Hacker News new | ask | show | jobs
by zuminator 563 days ago
That was also true of quite a lot of early CGI, but most people would say that things have improved. I think we're on the cusp of rapid improvement in AI video as well, in part spurred on by skilled people using the tools we currently have.

I came across the following recently. I think a casual viewer would assume it was just Bakshi-style rotoscoped animation without a major AI component.

https://www.youtube.com/watch?v=X9BG6yBkOIE

3 comments

My constructive criticism to this video is "90% of it is figures standing still while wind blows their outfit or the camera does a simple move." Sometimes moving their lips as though talking .. though I did like that bird turning it's head smoothly away like "forget this, I'mma preen! Peace out!" Haha

Very much no throughline of concepts from one shot to the next. You never see the same character twice. No foreground dynamic action.. not even simple walking except one far-away character directly away from the camera which means that their silhouette hardly changed.

This all comes from the current generation of video diffusion models that basically just generate an image like they always have except with a hint of temporal coherence they expand that into a short shot with no types of movement except those seen a million times in their training set.

Getting gen models to be able to reason better about motion and to build mental world models of the 3d scene they are managing a 2d window into is going to be a big challenge, and require some additional breakthroughs on a par with the original GPT and stable diffusion breakthroughs that currently act as a foundation to a majority of modern AI innovation.

> ... and require some additional breakthroughs on a par with the original GPT and stable diffusion breakthroughs ...
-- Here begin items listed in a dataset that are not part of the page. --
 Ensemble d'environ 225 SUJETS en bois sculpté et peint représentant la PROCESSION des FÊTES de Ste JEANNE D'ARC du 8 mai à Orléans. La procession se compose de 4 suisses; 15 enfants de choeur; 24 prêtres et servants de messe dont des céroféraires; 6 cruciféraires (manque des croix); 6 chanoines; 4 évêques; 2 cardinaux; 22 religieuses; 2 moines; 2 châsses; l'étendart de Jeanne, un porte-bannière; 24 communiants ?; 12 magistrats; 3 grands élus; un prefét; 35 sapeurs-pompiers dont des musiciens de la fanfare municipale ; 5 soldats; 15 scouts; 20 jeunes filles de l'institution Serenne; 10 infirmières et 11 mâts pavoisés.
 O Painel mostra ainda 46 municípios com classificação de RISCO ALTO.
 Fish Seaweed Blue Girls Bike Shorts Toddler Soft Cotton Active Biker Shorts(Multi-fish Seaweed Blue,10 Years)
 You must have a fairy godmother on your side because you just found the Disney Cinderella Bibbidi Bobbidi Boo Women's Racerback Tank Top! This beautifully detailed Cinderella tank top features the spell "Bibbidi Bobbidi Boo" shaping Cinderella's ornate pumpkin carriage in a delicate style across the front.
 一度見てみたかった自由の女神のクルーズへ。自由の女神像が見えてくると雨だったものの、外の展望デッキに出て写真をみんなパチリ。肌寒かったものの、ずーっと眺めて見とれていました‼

You say this like Stable Diffusion isn't a 2022 technology. And not early 2022, but quite late (August). ChatGPT is younger.
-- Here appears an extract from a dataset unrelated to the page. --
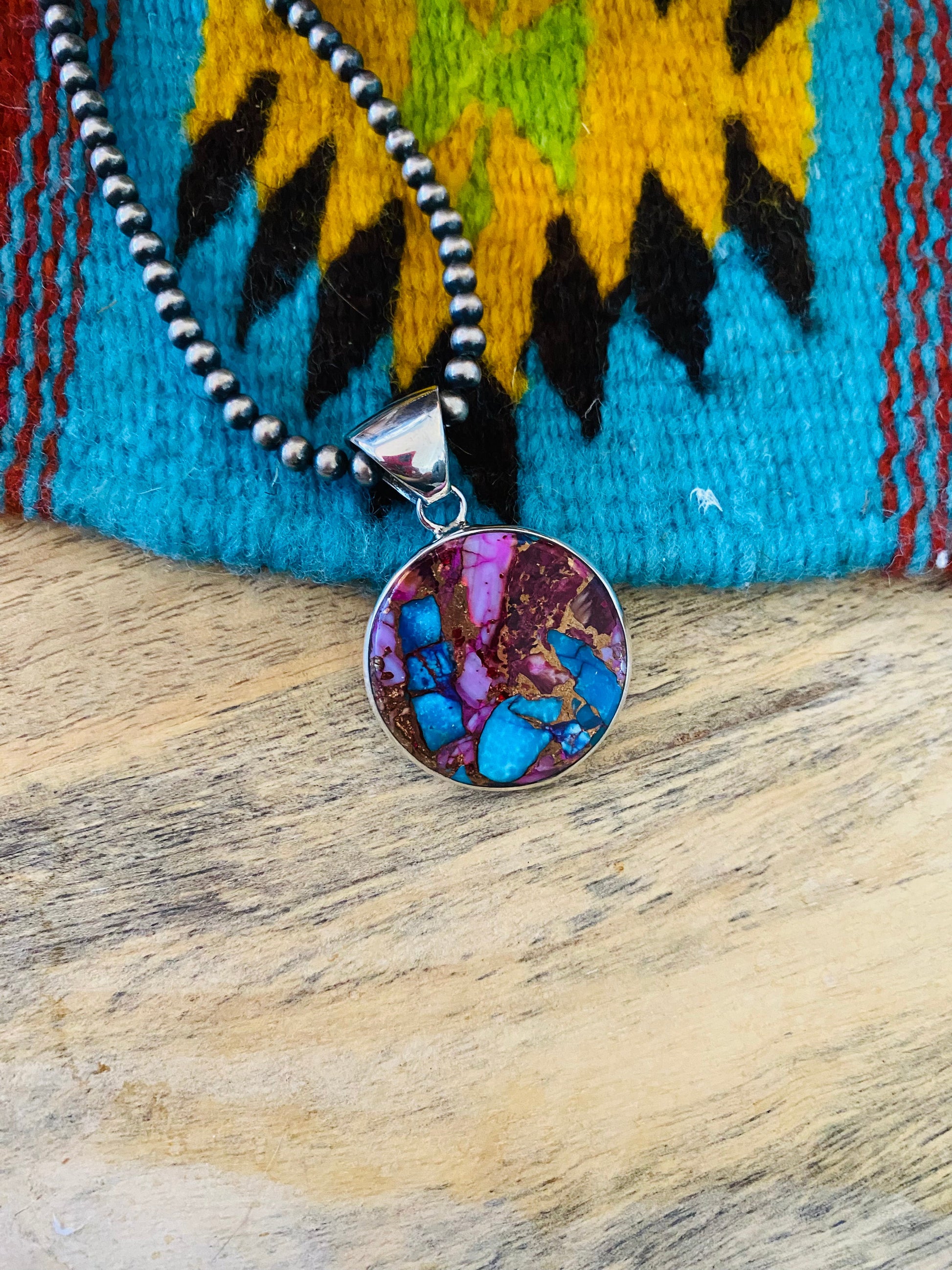Navajo Sterling Silver & Pink Dream Circle Pendant

I mean sure we need more breakthroughs, but we've barely even seen a new hardware generation since those things came out and the researchers are really only getting started with the new capabilities of generative tech. If we don't get more breakthroughs in short order then that would be a stunning halt of progress, a breaking stop the likes of which we have almost never before seen. More breakthroughs are a given.

An interesting example. It may be because I consider myself a fan of animation (moreso than the average person), but the video has obvious garbage less than fifteen seconds in, with the spaceships (?) morphing and sludging around the pyramid.
Sure, that's why I said casual viewer and not careful viewer. But getting back to your original point, would you say it was foul and unpleasant? That's really what I'm claiming, that we're fairly quickly advancing beyond the old days of those nightmare Nekobuses and vomit-inducing clips of Will Smith devouring spaghetti, and into territory where at least some people can find the product genuinely enjoyable. Of course nothing will ever be perfect. AI aside, after all these years it's still often jarring when computer physics is shoehorned into cartoons/anime that's designed to look like traditional hand drawn animation.
> would you say it was foul and unpleasant?

If I were to watch 90+ minutes of that with dubbed voices on top of it, absolutely. There's practically zero cohesion between any of those shots. No real action, no real narrative. It's a collection of non-cohesive stills that were stretched, not any bit of a story at all.

Not sure why you're downvoted. This is one of the most objectively true things said here. CGI was pretty crappy for at least the first few decades of its existence. Even aspects of the animation in Toy Story really show that film's age. I remember realizing that in the early 2000's. Most people either forgot or didn't even experience the early days of CGI and would consider much of it to be nightmare fuel today.

AI is pretty clearly advancing orders of magnitude faster than CGI has. Just because it sucks now doesn't mean it's going to suck in another 5 years.

"Just because it sucks now doesn't mean it's going to suck in another 5 years."

We will see. Some flaws might be baked in, like LLM's halucinating. That won't go away, unless we invent a new tech. So here with generating videos, will morphing objects for example ever go away? I am sceptical with the current approach.